When Annette Kellerman stepped out onto Revere Beach, Massachusetts in 1907 wearing a one-piece bathing suit that ended in shorts above her knees, her legs caused a scandal. Police were called, and she was arrested for indecency.
Those legs had also made her famous: The Australian swimmer held all the world records for women’s swimming in 1905. She was a vaudeville star with an act full of high dives and underwater ballet. Newspapers hailed her as “The Original Mermaid.’’
But Victorian-era vacationers didn’t care to feel the sea or sun on their skin. In the early 1900s, women waded into the water in black, knee-length, puffed-sleeved wool dresses worn over bloomers with long black stockings, bathing slippers, and even ribboned swim caps. Kellerman may have been thoroughly covered, but to her fellow bathers, she may as well have been naked.
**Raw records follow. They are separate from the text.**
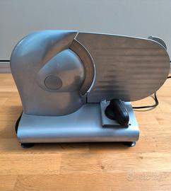 Affettatrice per uso domestico marca RGV Ausonia 190, usata ma ancora in ottime condizioni: Caratteristiche: Diametro Lama: 190 mm Spessore massimo di taglio: 14 mm Affilatoio: Amovibile Base in acciaio e alluminio fuso laccato Spessore max taglio 14 mm Corsa carrello:195 mm Lama in acciaio temperato Regolazione dello spessore di taglio millimetrico da 0 a 14 mm tramite manopola graduata L'affettatrice presenta alcuni segni normali dovuti all'uso, così come da foto, ma che non inficiano la funzionalità dell'oggetto.
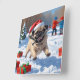 Pug Running in Snow with Christmas Hat Square Wall Clock
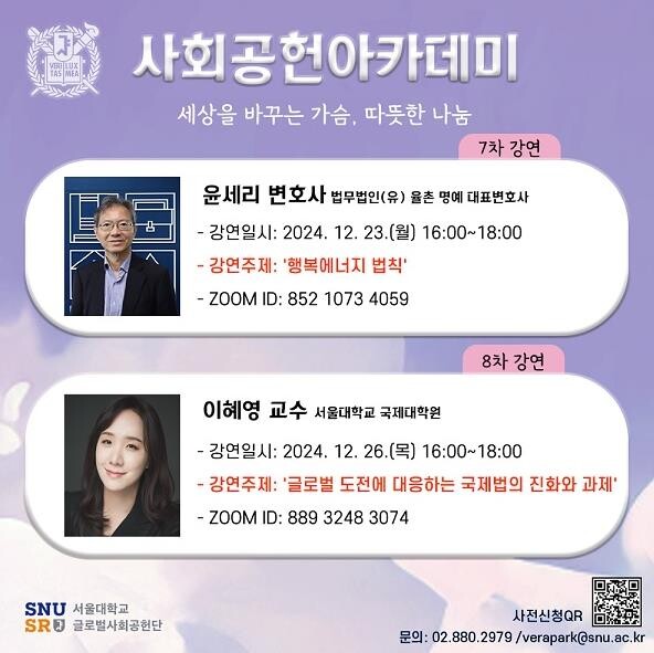 제8차 사회공헌아카데미는 26일 오후 4시 이혜영 교수(서울대 국제대학원)가‘글로벌 도전에 대응하는 국제법의 진화와 과제’을 주제로 강연한다. 이혜영 교수는 국제사법재판소의 동향을 통해 국제규범과‘공동의 이익(common interest)’이 국제평화와 인권, 환경을 어떻게 옹호하고 수호하는지 서울대 구성원과 함께 나눌 예정이다.
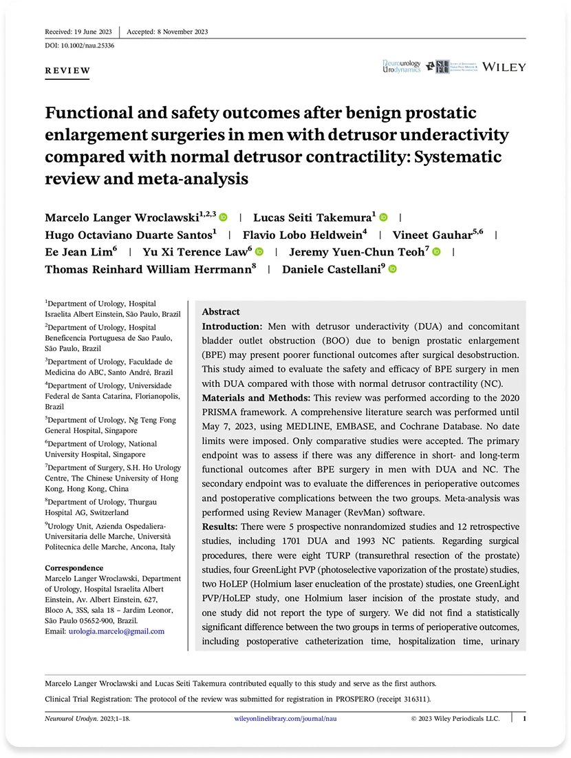 Functional and safety outcomes after benign prostatic enlargement surgeries in men with detrusor underactivity compared with normal detrusor contractility: Systematic review and meta‐analysis

|A 1953 Boston Sunday Globe article about Annette Kellerman. (The Boston Globe)|
“Me, arrested!” Kellerman said in a 1953 Boston Sunday Globe article recalling the 1907 incident. “We were all terribly shocked, especially my father, for I was his innocent protected little girl. But the judge was quite nice and allowed me to wear the suit if I would wear a full-length cape to the water’s edge.”
“My arrest in Boston, which hit the headlines in America, was really a mistake, too,’’ Kellerman said. “I was scheduled for a 13-mile meet in Boston and went to Revere Beach to train. There were ladies there in the fantastic beach costumes of the time, dresses, underwear, corsets, shoes complete to two antimacassars on their heads.”